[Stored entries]
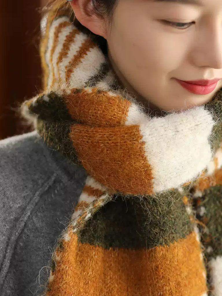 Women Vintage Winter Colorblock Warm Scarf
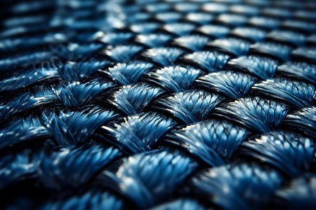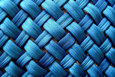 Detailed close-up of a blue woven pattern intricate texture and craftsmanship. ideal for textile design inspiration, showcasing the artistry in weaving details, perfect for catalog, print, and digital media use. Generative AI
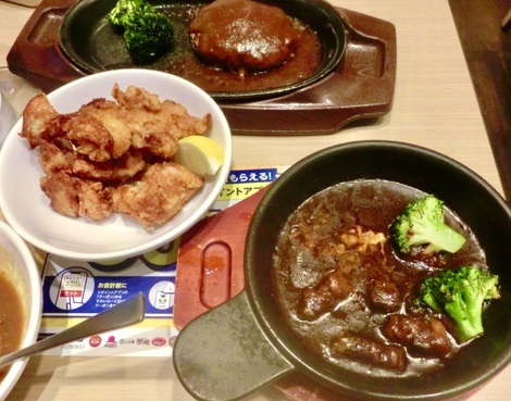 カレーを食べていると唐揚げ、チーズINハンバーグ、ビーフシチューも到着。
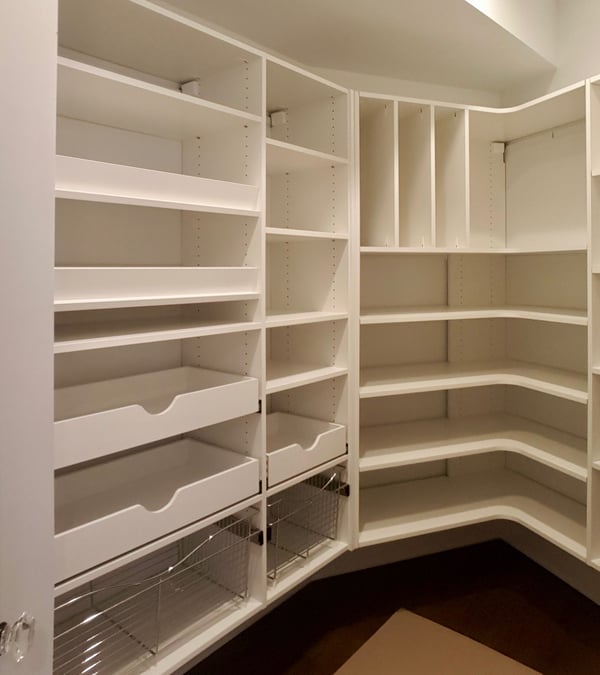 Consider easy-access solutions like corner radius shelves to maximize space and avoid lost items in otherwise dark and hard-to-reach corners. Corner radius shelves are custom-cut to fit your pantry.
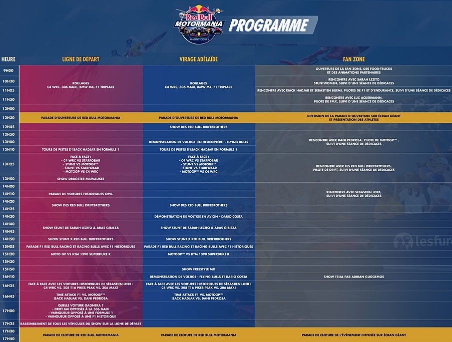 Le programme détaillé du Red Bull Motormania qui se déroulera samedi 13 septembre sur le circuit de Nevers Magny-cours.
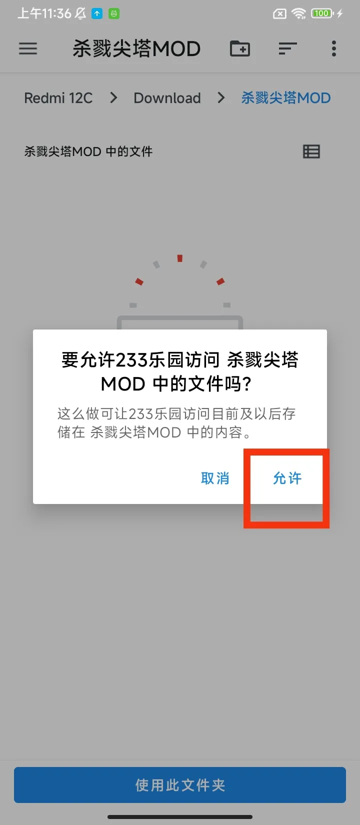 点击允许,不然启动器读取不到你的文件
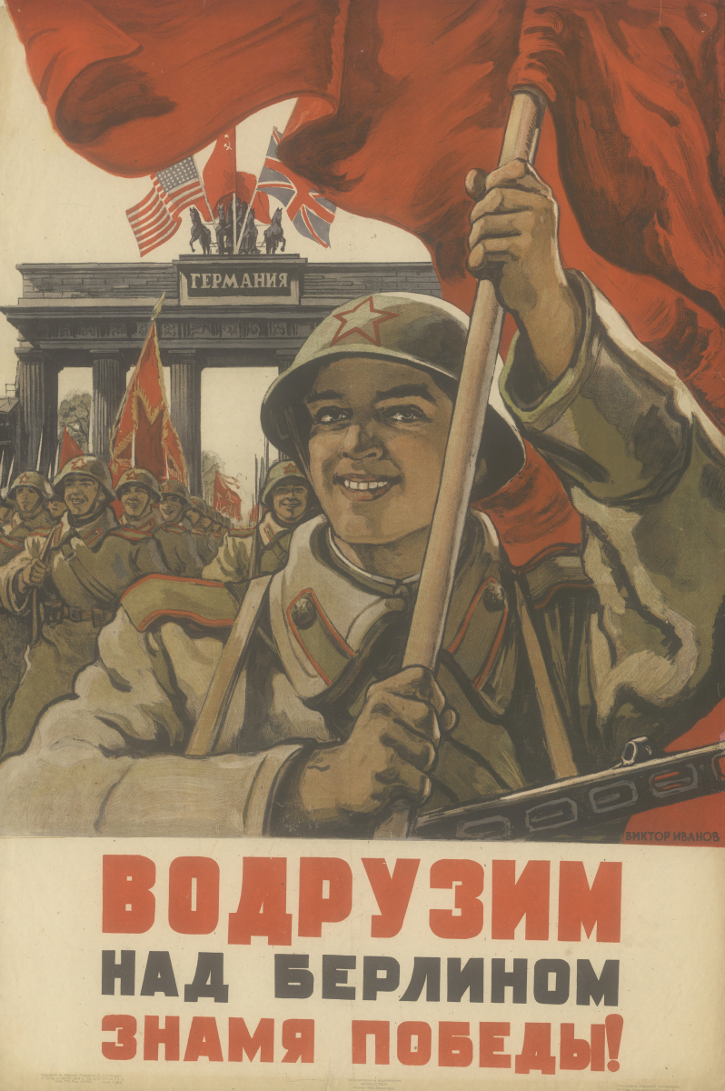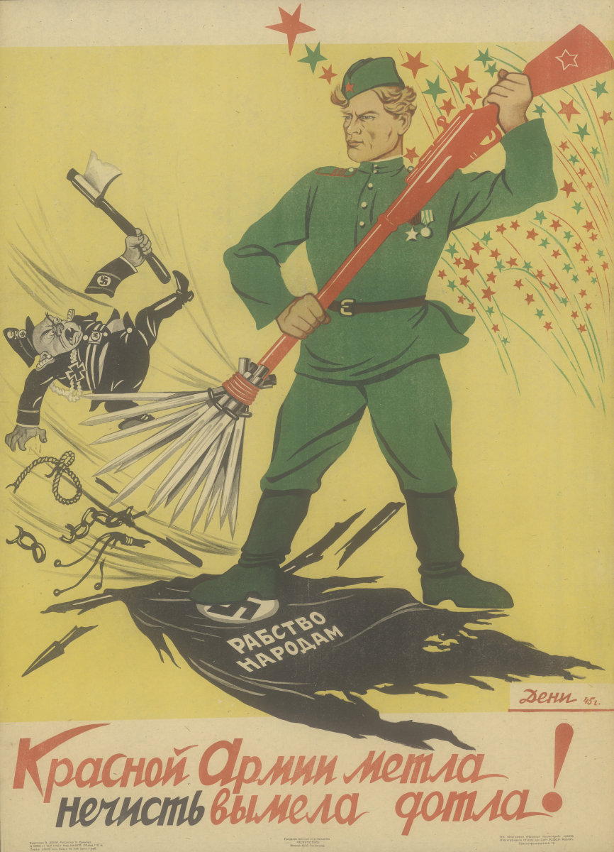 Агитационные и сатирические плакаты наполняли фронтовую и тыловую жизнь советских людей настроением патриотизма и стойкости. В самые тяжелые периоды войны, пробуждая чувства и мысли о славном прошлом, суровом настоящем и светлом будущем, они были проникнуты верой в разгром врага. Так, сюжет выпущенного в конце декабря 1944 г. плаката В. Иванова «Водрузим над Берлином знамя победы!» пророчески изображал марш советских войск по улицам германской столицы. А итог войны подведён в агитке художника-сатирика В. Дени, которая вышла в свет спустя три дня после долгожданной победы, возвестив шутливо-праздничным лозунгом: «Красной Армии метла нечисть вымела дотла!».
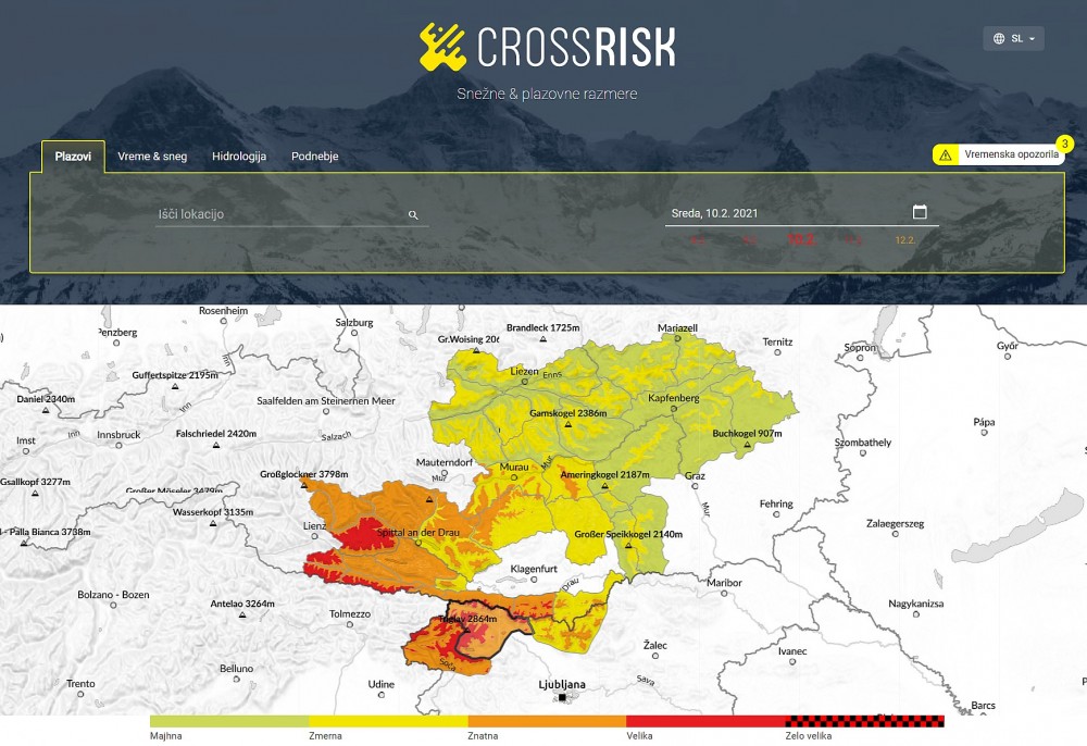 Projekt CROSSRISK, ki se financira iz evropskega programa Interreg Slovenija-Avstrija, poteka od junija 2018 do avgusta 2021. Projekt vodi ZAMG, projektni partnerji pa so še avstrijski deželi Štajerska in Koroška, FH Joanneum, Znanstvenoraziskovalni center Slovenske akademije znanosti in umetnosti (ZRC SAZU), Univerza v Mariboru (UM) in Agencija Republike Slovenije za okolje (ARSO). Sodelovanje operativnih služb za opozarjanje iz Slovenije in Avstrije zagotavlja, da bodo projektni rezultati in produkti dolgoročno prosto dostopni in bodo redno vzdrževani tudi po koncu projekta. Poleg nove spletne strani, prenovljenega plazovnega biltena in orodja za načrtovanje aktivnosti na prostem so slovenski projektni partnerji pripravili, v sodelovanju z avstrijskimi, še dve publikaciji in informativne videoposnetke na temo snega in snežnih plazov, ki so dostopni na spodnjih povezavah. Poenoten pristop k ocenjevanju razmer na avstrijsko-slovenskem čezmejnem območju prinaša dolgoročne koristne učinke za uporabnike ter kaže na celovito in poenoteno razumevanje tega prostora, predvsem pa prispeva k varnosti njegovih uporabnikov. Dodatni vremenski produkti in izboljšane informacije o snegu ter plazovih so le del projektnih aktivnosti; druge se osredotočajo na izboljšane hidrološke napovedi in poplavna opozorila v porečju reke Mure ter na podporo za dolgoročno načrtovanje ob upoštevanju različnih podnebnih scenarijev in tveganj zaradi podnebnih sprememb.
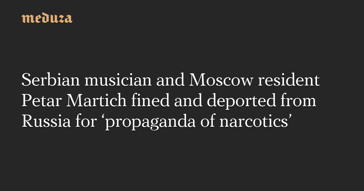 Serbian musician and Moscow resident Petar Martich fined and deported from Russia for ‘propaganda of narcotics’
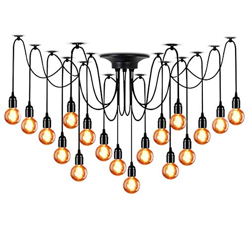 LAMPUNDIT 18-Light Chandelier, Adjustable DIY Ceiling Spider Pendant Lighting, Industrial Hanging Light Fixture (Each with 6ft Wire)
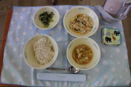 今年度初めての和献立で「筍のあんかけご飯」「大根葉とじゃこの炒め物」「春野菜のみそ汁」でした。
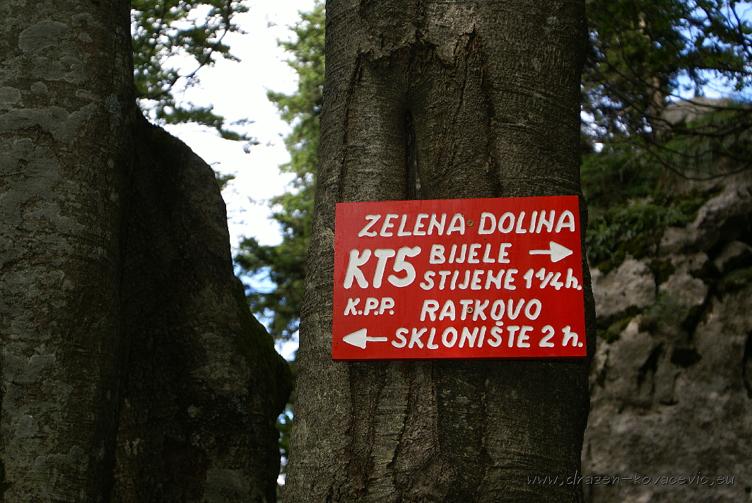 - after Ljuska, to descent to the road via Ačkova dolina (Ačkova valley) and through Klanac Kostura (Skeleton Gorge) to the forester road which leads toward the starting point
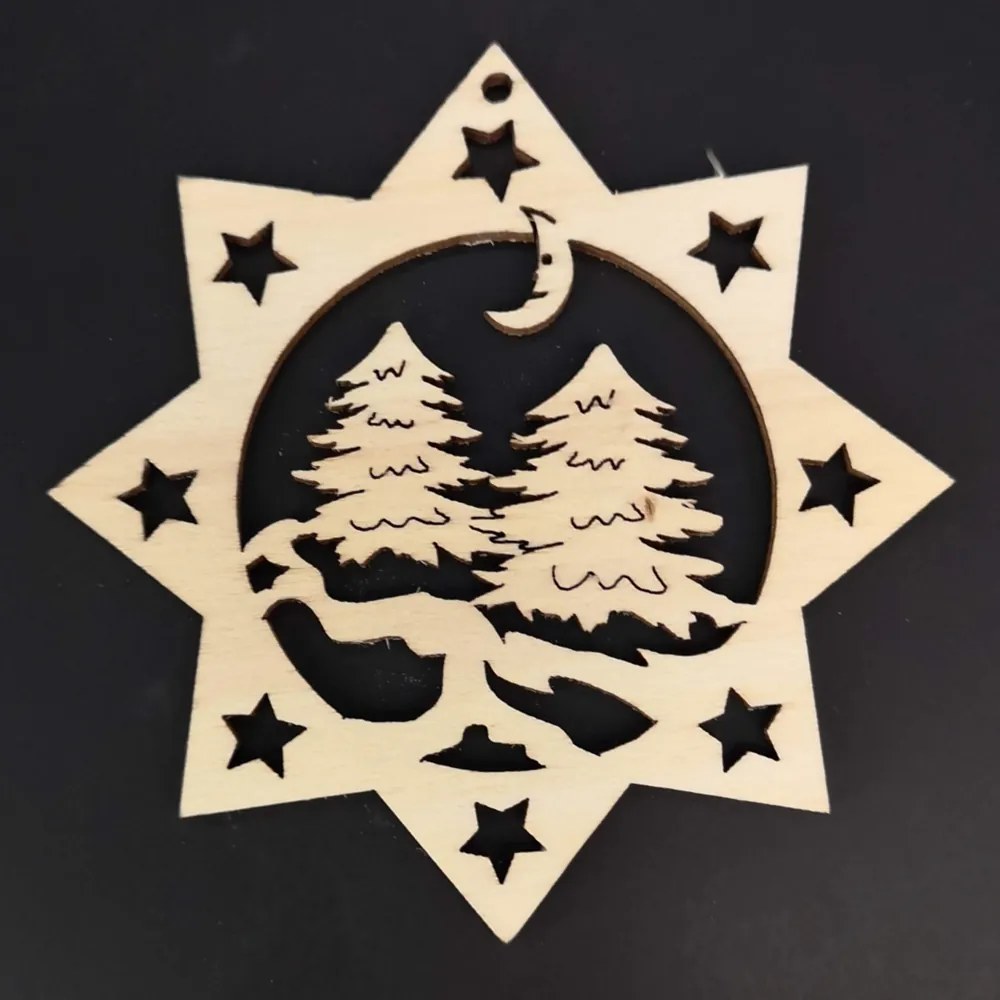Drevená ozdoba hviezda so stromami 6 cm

TASK TO COMPLETE ::
Once the pictures are set aside, reproduce the records in full and exactly.

REPLY TO THE TASK ::
 Women Vintage Winter Colorblock Warm Scarf
 Detailed close-up of a blue woven pattern intricate texture and craftsmanship. ideal for textile design inspiration, showcasing the artistry in weaving details, perfect for catalog, print, and digital media use. Generative AI
 カレーを食べていると唐揚げ、チーズINハンバーグ、ビーフシチューも到着。
 Consider easy-access solutions like corner radius shelves to maximize space and avoid lost items in otherwise dark and hard-to-reach corners. Corner radius shelves are custom-cut to fit your pantry.
 Le programme détaillé du Red Bull Motormania qui se déroulera samedi 13 septembre sur le circuit de Nevers Magny-cours.
 点击允许,不然启动器读取不到你的文件
 Агитационные и сатирические плакаты наполняли фронтовую и тыловую жизнь советских людей настроением патриотизма и стойкости. В самые тяжелые периоды войны, пробуждая чувства и мысли о славном прошлом, суровом настоящем и светлом будущем, они были проникнуты верой в разгром врага. Так, сюжет выпущенного в конце декабря 1944 г. плаката В. Иванова «Водрузим над Берлином знамя победы!» пророчески изображал марш советских войск по улицам германской столицы. А итог войны подведён в агитке художника-сатирика В. Дени, которая вышла в свет спустя три дня после долгожданной победы, возвестив шутливо-праздничным лозунгом: «Красной Армии метла нечисть вымела дотла!».
 Projekt CROSSRISK, ki se financira iz evropskega programa Interreg Slovenija-Avstrija, poteka od junija 2018 do avgusta 2021. Projekt vodi ZAMG, projektni partnerji pa so še avstrijski deželi Štajerska in Koroška, FH Joanneum, Znanstvenoraziskovalni center Slovenske akademije znanosti in umetnosti (ZRC SAZU), Univerza v Mariboru (UM) in Agencija Republike Slovenije za okolje (ARSO). Sodelovanje operativnih služb za opozarjanje iz Slovenije in Avstrije zagotavlja, da bodo projektni rezultati in produkti dolgoročno prosto dostopni in bodo redno vzdrževani tudi po koncu projekta. Poleg nove spletne strani, prenovljenega plazovnega biltena in orodja za načrtovanje aktivnosti na prostem so slovenski projektni partnerji pripravili, v sodelovanju z avstrijskimi, še dve publikaciji in informativne videoposnetke na temo snega in snežnih plazov, ki so dostopni na spodnjih povezavah. Poenoten pristop k ocenjevanju razmer na avstrijsko-slovenskem čezmejnem območju prinaša dolgoročne koristne učinke za uporabnike ter kaže na celovito in poenoteno razumevanje tega prostora, predvsem pa prispeva k varnosti njegovih uporabnikov. Dodatni vremenski produkti in izboljšane informacije o snegu ter plazovih so le del projektnih aktivnosti; druge se osredotočajo na izboljšane hidrološke napovedi in poplavna opozorila v porečju reke Mure ter na podporo za dolgoročno načrtovanje ob upoštevanju različnih podnebnih scenarijev in tveganj zaradi podnebnih sprememb.
 Serbian musician and Moscow resident Petar Martich fined and deported from Russia for ‘propaganda of narcotics’
 LAMPUNDIT 18-Light Chandelier, Adjustable DIY Ceiling Spider Pendant Lighting, Industrial Hanging Light Fixture (Each with 6ft Wire)
 今年度初めての和献立で「筍のあんかけご飯」「大根葉とじゃこの炒め物」「春野菜のみそ汁」でした。
 - after Ljuska, to descent to the road via Ačkova dolina (Ačkova valley) and through Klanac Kostura (Skeleton Gorge) to the forester road which leads toward the starting point
Drevená ozdoba hviezda so stromami 6 cm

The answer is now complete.